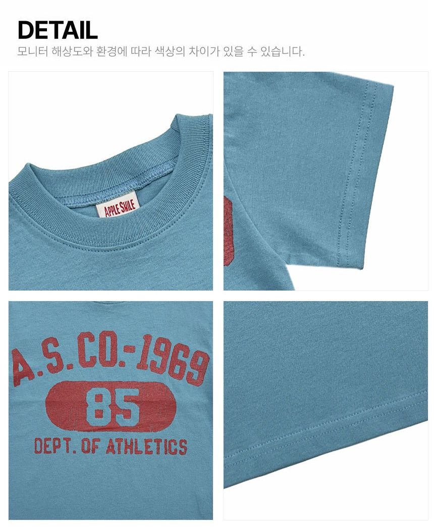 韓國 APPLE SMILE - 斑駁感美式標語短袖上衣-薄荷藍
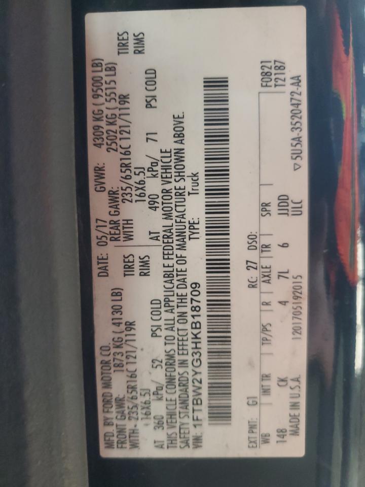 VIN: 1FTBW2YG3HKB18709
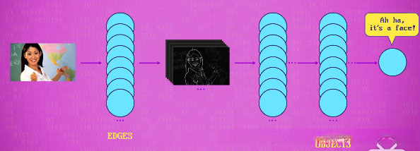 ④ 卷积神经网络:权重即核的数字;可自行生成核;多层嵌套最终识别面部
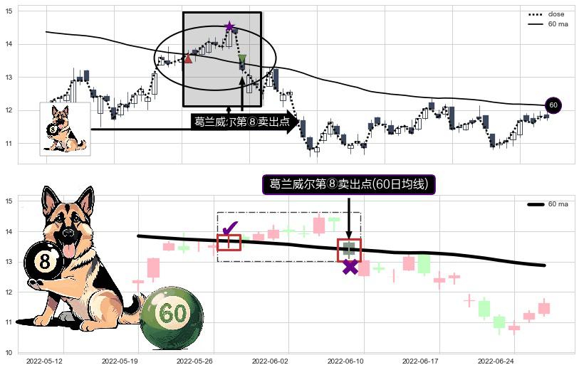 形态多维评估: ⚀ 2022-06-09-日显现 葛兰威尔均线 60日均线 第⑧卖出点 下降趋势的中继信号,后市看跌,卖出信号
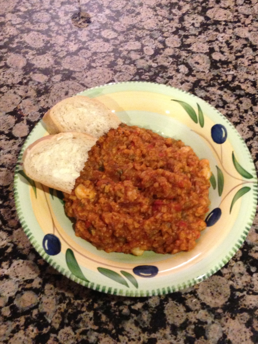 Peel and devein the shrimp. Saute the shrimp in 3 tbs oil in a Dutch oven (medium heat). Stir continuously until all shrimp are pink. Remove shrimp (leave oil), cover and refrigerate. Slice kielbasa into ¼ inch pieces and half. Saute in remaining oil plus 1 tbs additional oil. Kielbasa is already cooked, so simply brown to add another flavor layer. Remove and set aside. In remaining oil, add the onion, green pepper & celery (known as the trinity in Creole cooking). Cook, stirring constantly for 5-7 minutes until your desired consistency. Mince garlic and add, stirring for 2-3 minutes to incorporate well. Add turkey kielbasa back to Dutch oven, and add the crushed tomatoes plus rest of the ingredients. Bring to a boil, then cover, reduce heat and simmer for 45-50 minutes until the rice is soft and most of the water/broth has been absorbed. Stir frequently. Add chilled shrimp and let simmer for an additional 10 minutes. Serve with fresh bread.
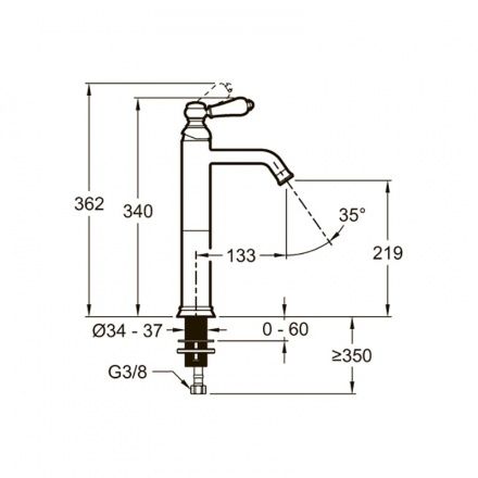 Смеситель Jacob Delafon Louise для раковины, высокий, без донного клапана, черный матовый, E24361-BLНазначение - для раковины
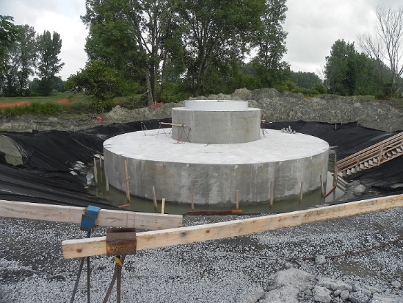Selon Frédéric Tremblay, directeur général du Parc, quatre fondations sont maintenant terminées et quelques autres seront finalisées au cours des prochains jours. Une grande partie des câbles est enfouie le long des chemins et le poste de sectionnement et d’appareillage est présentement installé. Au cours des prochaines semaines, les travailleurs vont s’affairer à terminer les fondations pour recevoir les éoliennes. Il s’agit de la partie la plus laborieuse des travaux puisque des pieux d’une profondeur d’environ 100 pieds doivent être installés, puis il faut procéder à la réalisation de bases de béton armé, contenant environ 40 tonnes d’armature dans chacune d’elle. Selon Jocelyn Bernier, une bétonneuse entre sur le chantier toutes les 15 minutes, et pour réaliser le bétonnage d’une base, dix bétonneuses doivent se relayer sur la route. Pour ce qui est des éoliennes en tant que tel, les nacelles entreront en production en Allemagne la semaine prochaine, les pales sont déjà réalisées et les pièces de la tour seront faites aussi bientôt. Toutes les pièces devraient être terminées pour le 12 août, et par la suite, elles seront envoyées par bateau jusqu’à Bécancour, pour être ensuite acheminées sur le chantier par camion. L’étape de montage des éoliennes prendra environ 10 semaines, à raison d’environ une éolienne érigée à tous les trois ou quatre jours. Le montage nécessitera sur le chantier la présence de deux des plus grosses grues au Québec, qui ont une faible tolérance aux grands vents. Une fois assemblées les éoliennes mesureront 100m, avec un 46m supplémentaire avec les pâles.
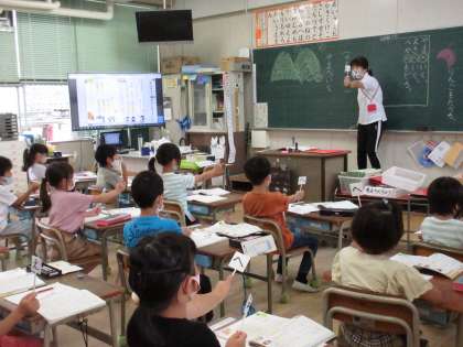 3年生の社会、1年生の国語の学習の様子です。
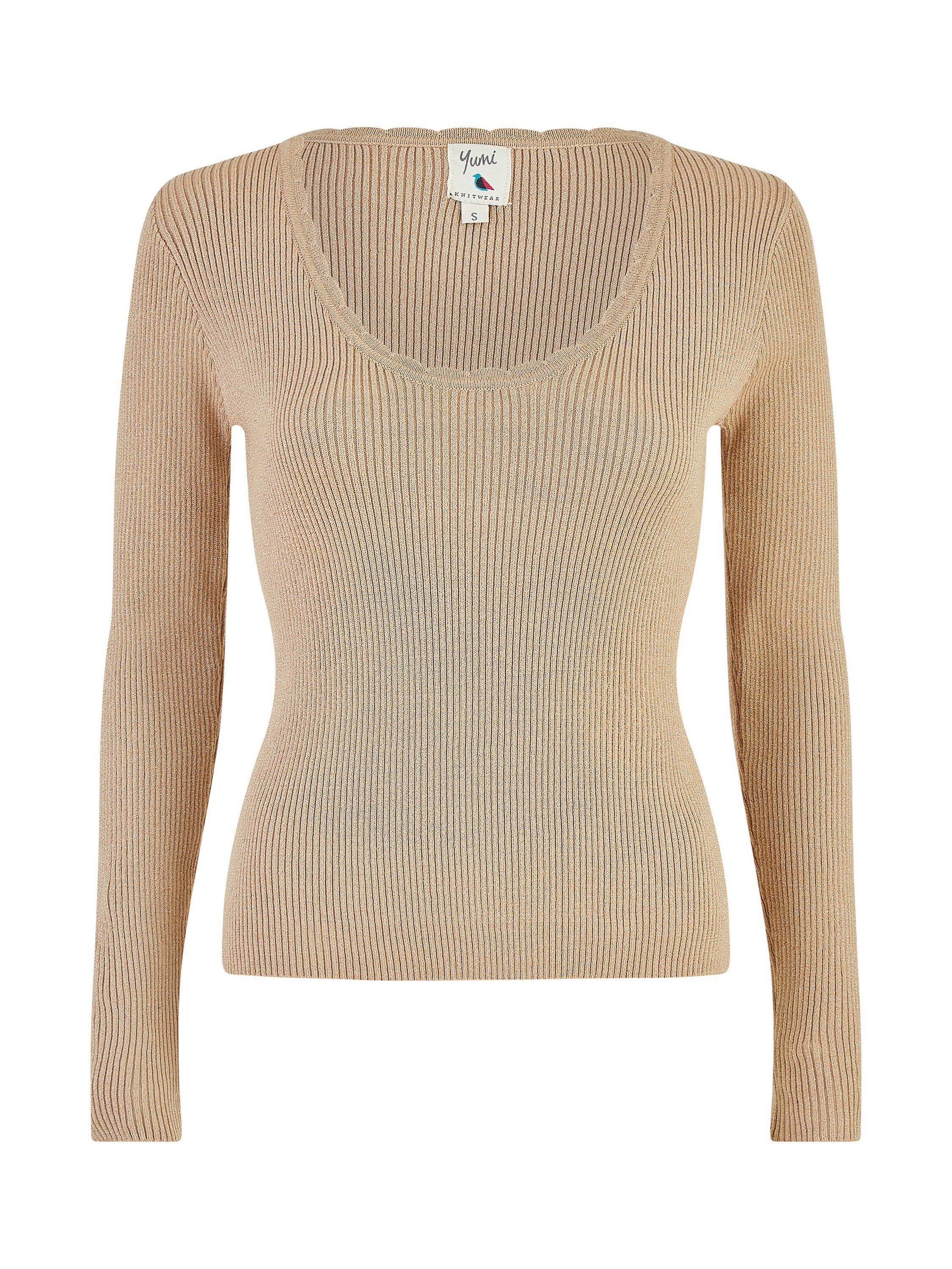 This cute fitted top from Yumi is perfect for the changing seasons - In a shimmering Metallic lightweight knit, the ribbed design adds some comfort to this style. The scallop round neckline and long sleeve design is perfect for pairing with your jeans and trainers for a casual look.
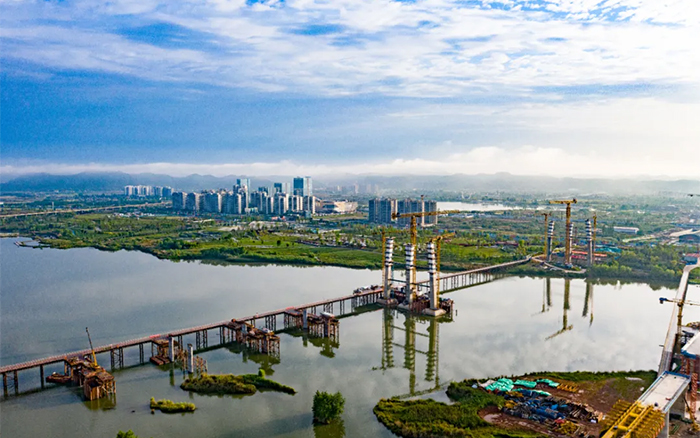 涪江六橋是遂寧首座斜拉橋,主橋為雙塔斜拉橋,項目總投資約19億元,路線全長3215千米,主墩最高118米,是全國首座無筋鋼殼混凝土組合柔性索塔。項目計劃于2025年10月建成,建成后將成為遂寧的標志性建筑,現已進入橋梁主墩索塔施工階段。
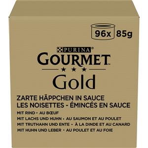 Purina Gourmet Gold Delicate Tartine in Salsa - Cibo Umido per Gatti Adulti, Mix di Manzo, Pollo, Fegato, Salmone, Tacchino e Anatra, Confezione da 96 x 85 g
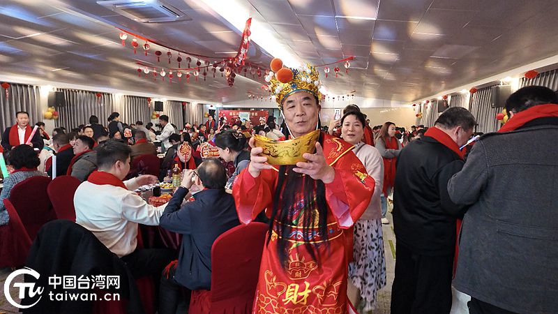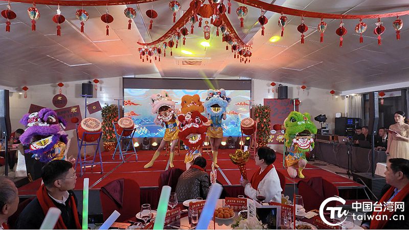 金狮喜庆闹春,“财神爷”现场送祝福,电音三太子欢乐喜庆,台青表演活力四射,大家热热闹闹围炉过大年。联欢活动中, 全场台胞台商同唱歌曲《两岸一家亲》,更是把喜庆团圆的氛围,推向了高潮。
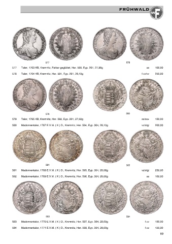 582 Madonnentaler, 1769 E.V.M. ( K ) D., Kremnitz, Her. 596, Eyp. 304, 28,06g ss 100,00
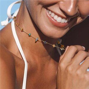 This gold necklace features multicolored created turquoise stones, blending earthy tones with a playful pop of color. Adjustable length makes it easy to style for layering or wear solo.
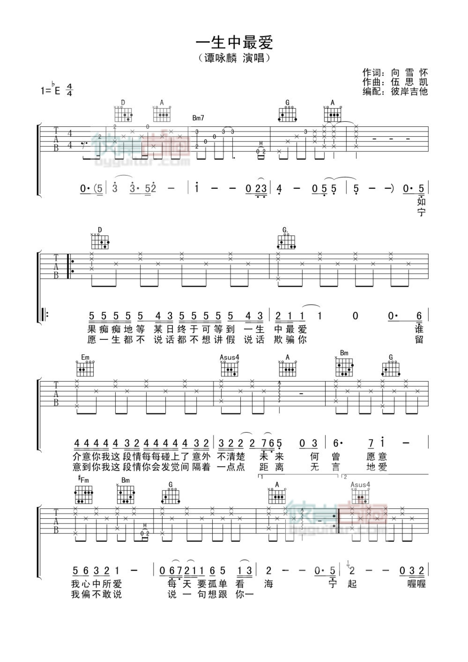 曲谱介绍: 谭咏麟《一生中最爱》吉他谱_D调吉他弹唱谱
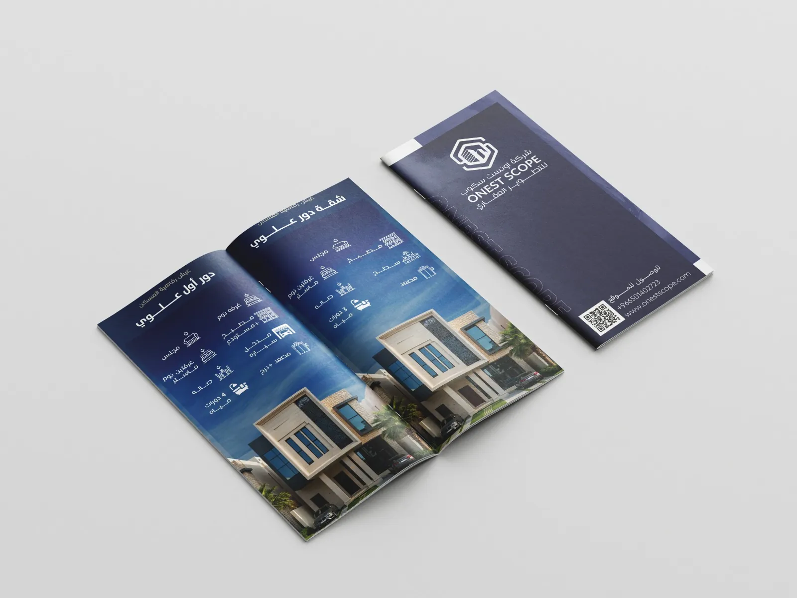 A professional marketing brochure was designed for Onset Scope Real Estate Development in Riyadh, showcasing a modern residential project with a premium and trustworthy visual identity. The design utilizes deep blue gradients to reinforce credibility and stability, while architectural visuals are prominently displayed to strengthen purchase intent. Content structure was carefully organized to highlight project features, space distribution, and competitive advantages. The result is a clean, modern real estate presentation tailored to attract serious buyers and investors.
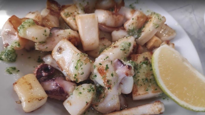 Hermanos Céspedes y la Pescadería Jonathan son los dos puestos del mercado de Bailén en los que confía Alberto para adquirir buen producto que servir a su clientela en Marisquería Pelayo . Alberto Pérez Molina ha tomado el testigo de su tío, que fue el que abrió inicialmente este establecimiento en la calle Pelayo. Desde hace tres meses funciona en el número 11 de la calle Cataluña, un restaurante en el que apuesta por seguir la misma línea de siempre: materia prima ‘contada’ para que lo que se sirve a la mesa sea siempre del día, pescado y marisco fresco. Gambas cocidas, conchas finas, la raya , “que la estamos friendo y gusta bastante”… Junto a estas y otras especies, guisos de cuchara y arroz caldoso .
# # # # # # #
• **What the task requires**: The records above should be reproduced exactly, with the pictures omitted.

• **Answer space**:
 韓國 APPLE SMILE - 斑駁感美式標語短袖上衣-薄荷藍
 VIN: 1FTBW2YG3HKB18709
 ④ 卷积神经网络:权重即核的数字;可自行生成核;多层嵌套最终识别面部
 形态多维评估: ⚀ 2022-06-09-日显现 葛兰威尔均线 60日均线 第⑧卖出点 下降趋势的中继信号,后市看跌,卖出信号
 Peel and devein the shrimp. Saute the shrimp in 3 tbs oil in a Dutch oven (medium heat). Stir continuously until all shrimp are pink. Remove shrimp (leave oil), cover and refrigerate. Slice kielbasa into ¼ inch pieces and half. Saute in remaining oil plus 1 tbs additional oil. Kielbasa is already cooked, so simply brown to add another flavor layer. Remove and set aside. In remaining oil, add the onion, green pepper & celery (known as the trinity in Creole cooking). Cook, stirring constantly for 5-7 minutes until your desired consistency. Mince garlic and add, stirring for 2-3 minutes to incorporate well. Add turkey kielbasa back to Dutch oven, and add the crushed tomatoes plus rest of the ingredients. Bring to a boil, then cover, reduce heat and simmer for 45-50 minutes until the rice is soft and most of the water/broth has been absorbed. Stir frequently. Add chilled shrimp and let simmer for an additional 10 minutes. Serve with fresh bread.
 Смеситель Jacob Delafon Louise для раковины, высокий, без донного клапана, черный матовый, E24361-BLНазначение - для раковины
Selon Frédéric Tremblay, directeur général du Parc, quatre fondations sont maintenant terminées et quelques autres seront finalisées au cours des prochains jours. Une grande partie des câbles est enfouie le long des chemins et le poste de sectionnement et d’appareillage est présentement installé. Au cours des prochaines semaines, les travailleurs vont s’affairer à terminer les fondations pour recevoir les éoliennes. Il s’agit de la partie la plus laborieuse des travaux puisque des pieux d’une profondeur d’environ 100 pieds doivent être installés, puis il faut procéder à la réalisation de bases de béton armé, contenant environ 40 tonnes d’armature dans chacune d’elle. Selon Jocelyn Bernier, une bétonneuse entre sur le chantier toutes les 15 minutes, et pour réaliser le bétonnage d’une base, dix bétonneuses doivent se relayer sur la route. Pour ce qui est des éoliennes en tant que tel, les nacelles entreront en production en Allemagne la semaine prochaine, les pales sont déjà réalisées et les pièces de la tour seront faites aussi bientôt. Toutes les pièces devraient être terminées pour le 12 août, et par la suite, elles seront envoyées par bateau jusqu’à Bécancour, pour être ensuite acheminées sur le chantier par camion. L’étape de montage des éoliennes prendra environ 10 semaines, à raison d’environ une éolienne érigée à tous les trois ou quatre jours. Le montage nécessitera sur le chantier la présence de deux des plus grosses grues au Québec, qui ont une faible tolérance aux grands vents. Une fois assemblées les éoliennes mesureront 100m, avec un 46m supplémentaire avec les pâles.
 3年生の社会、1年生の国語の学習の様子です。
 This cute fitted top from Yumi is perfect for the changing seasons - In a shimmering Metallic lightweight knit, the ribbed design adds some comfort to this style. The scallop round neckline and long sleeve design is perfect for pairing with your jeans and trainers for a casual look.
 涪江六橋是遂寧首座斜拉橋,主橋為雙塔斜拉橋,項目總投資約19億元,路線全長3215千米,主墩最高118米,是全國首座無筋鋼殼混凝土組合柔性索塔。項目計劃于2025年10月建成,建成后將成為遂寧的標志性建筑,現已進入橋梁主墩索塔施工階段。
 Purina Gourmet Gold Delicate Tartine in Salsa - Cibo Umido per Gatti Adulti, Mix di Manzo, Pollo, Fegato, Salmone, Tacchino e Anatra, Confezione da 96 x 85 g
 金狮喜庆闹春,“财神爷”现场送祝福,电音三太子欢乐喜庆,台青表演活力四射,大家热热闹闹围炉过大年。联欢活动中, 全场台胞台商同唱歌曲《两岸一家亲》,更是把喜庆团圆的氛围,推向了高潮。
 582 Madonnentaler, 1769 E.V.M. ( K ) D., Kremnitz, Her. 596, Eyp. 304, 28,06g ss 100,00
 This gold necklace features multicolored created turquoise stones, blending earthy tones with a playful pop of color. Adjustable length makes it easy to style for layering or wear solo.
 曲谱介绍: 谭咏麟《一生中最爱》吉他谱_D调吉他弹唱谱
 A professional marketing brochure was designed for Onset Scope Real Estate Development in Riyadh, showcasing a modern residential project with a premium and trustworthy visual identity. The design utilizes deep blue gradients to reinforce credibility and stability, while architectural visuals are prominently displayed to strengthen purchase intent. Content structure was carefully organized to highlight project features, space distribution, and competitive advantages. The result is a clean, modern real estate presentation tailored to attract serious buyers and investors.
 Hermanos Céspedes y la Pescadería Jonathan son los dos puestos del mercado de Bailén en los que confía Alberto para adquirir buen producto que servir a su clientela en Marisquería Pelayo . Alberto Pérez Molina ha tomado el testigo de su tío, que fue el que abrió inicialmente este establecimiento en la calle Pelayo. Desde hace tres meses funciona en el número 11 de la calle Cataluña, un restaurante en el que apuesta por seguir la misma línea de siempre: materia prima ‘contada’ para que lo que se sirve a la mesa sea siempre del día, pescado y marisco fresco. Gambas cocidas, conchas finas, la raya , “que la estamos friendo y gusta bastante”… Junto a estas y otras especies, guisos de cuchara y arroz caldoso .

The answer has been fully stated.